Secreted Ac-APE/Ref-1 binds directly to RAGE
Because secretion of Ac-APE1/Ref-1 and increased RAGE expression were observed in response to hyperacetylation, we investigated whether Ac-APE1/Ref-1 could bind to RAGE and induce cell death in MDA-MB-231 cells. We tested the binding ability by co-immunoprecipitation of RAGE and Ac-APE1/Ref-1; binding was assessed between the recombinant proteins, Ac-APE1/Ref-1 and RAGE-Fc, between secreted Ac-APE1/Ref-1 in the culture medium and RAGE-Fc, and between secreted Ac-APE1/Ref-1 in the culture medium and RAGE in the membrane fraction. Following preparation of rh Ac-APE1/Ref-1 by incubation with ASA solution, rh Ac-APE1/Ref-1 formed a tight immune complex with rh RAGE-Fc (Fig. 5A). Secreted Ac-APE1/Ref-1 in the culture supernatant of ASA-treated MDA-MB-231 cells bound to RAGE-Fc (Fig. 5B). Binding of secreted APE1/Ref-1 with RAGE in the plasma membrane fraction was confirmed (Fig. 5C), and the interaction was significantly increased following acetylation (Fig. 3B).

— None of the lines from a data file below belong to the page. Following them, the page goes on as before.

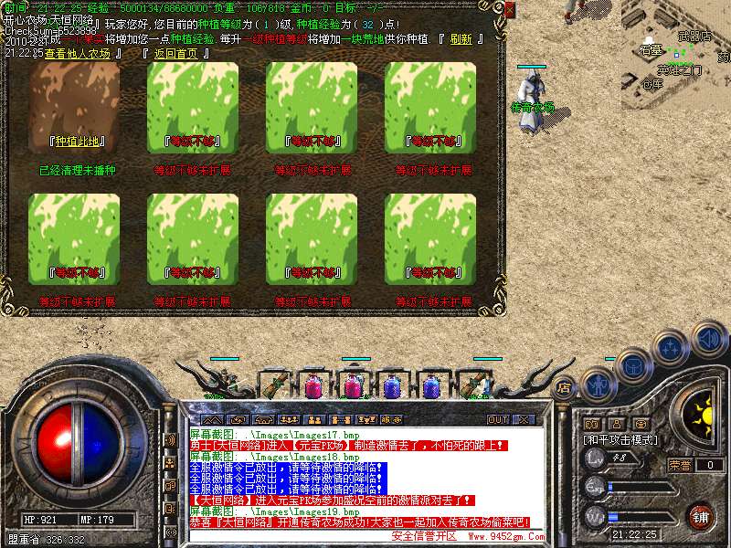 1;传奇农场;增加了最潮流的传奇农场,每偷取,摘都能加种植经验,只能偷在线玩家成熟的果实,种植级别越高,种品种的越多,能偷的种类也就越多,收获的果实,可以换元宝,换装备。
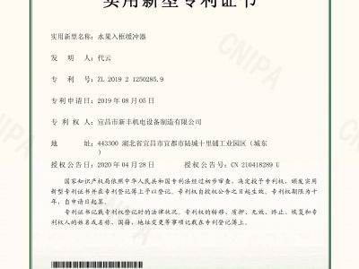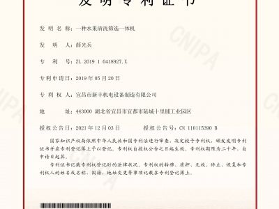 實用新型專利證書《一種防卡堵果蔬篩選機構》
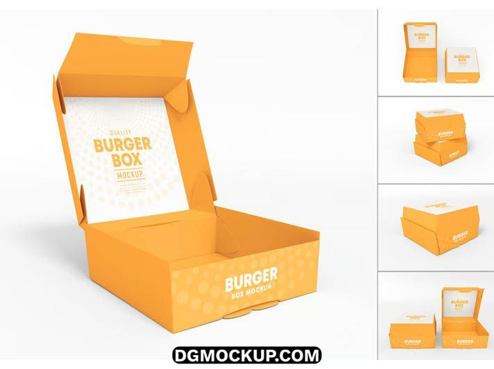 - A complete bundle of 4 unique PSD mockups for burger packaging boxes
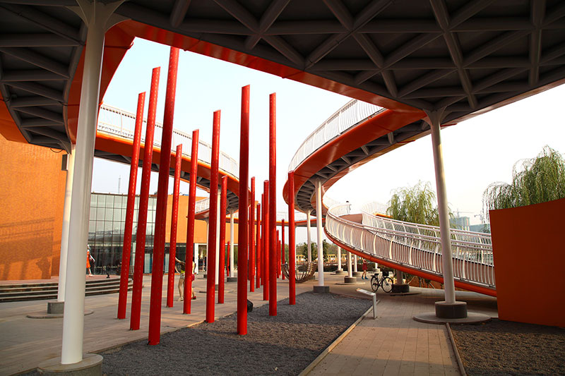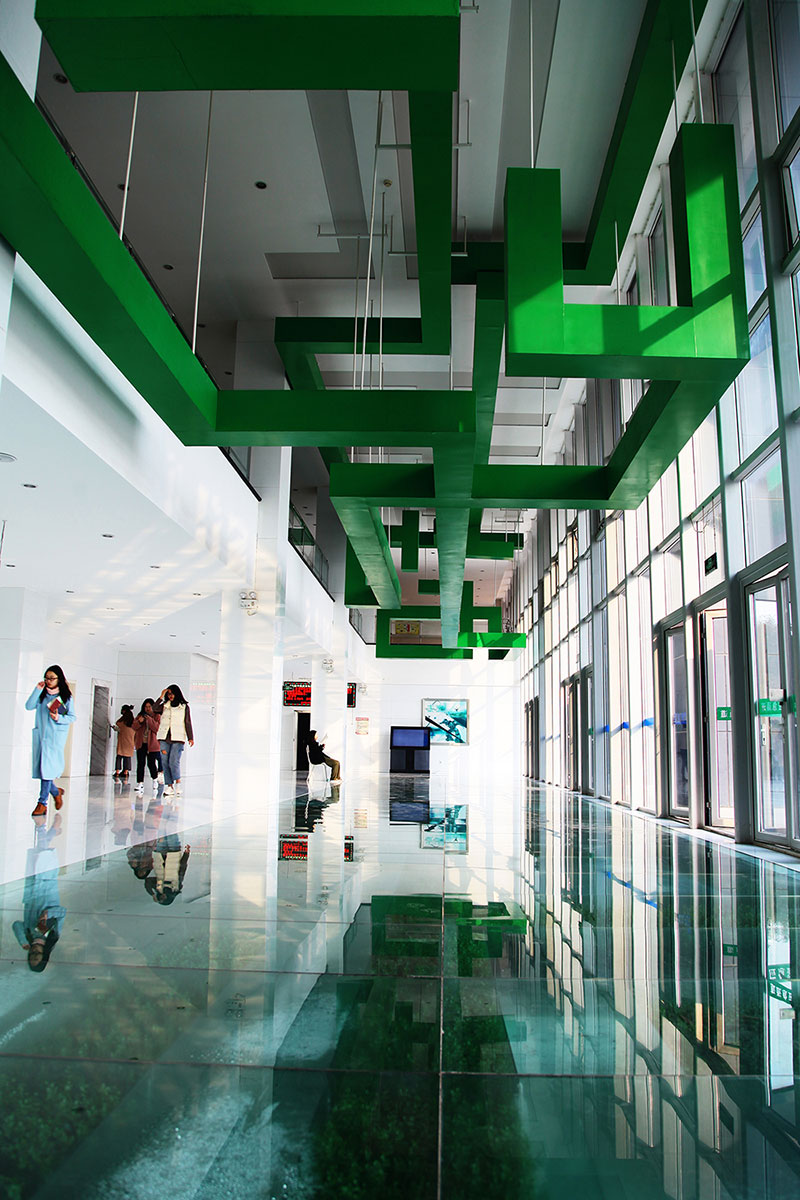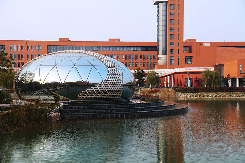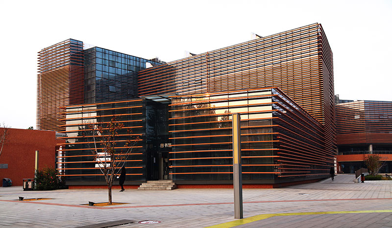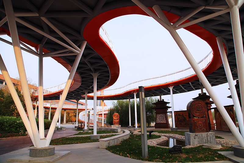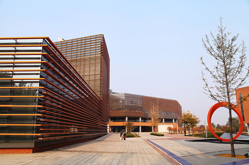 從整體規(guī)劃布局上看,校園內(nèi)各樓排布張弛有度,建筑與景觀相互結(jié)合,中央大湖與景觀廊架搭配蜿蜒蜷曲的步道,平靜中孕育詩(shī)意,給一所沉穩(wěn)的文化建筑帶來(lái)靈動(dòng)的韻律之美。
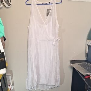 Elegant white sleeveless wrap dress. Perfect for summer outings.
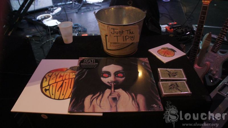 There’s a bucket that says “Just The Tip” by one of the amps. I throw a couple of quarters inside and wonder where it will end. Secret Colours set up their gear and one of them puts their merch on said amp, surrounding the bucket.

Figure 5: Secreted Ac-APE1/Ref-1 bound to RAGE in response to hyperacetylation. A. Direct binding between RAGE-Fc and rh Ac-APE1/Ref-1, B. between RAGE-Fc and Ac-APE1/Ref-1 from conditioned medium, and C. between RAGE in the membrane fraction and secreted Ac-APE1/Ref-1. Binding was observed by co-immunoprecipitation with anti-APE1/Ref-1 or RAGE antibodies followed by anti-RAGE or APE1/Ref-1 antibodies, respectively. The binding interaction between Ac-APE1/Ref-1 and RAGE in the plasma membrane was visualized using with a Duolink II PLA system with primary anti-APE1/Ref-1 and anti-RAGE antibodies. D. RAGEOV MDA-MB-231 cells were incubated with rh APE1/Ref-1 (upper panels) or rh Ac-APE1/Ref-1 (lower panels). E. MDA-MB-231 cells were treated with ASA and then further incubated with rh Ac-APE1/Ref-1 (upper panels) or the medium containing secreted Ac-APE1/Ref-1 (lower panels) rather than the normal culture supernatant. F. MDA-MB-231 cells were treated with SA (upper panels) or ASA (lower panels). Cells were then subjected to Duolink II PLA. The PLA-specific fluorescence which represents the Ac-APE1/Ref-1-RAGE signals, and the DAPI nucleic staining were colored red and blue, respectively. The experiment was repeated multiple times with similar results; data shown are from a representative experiment.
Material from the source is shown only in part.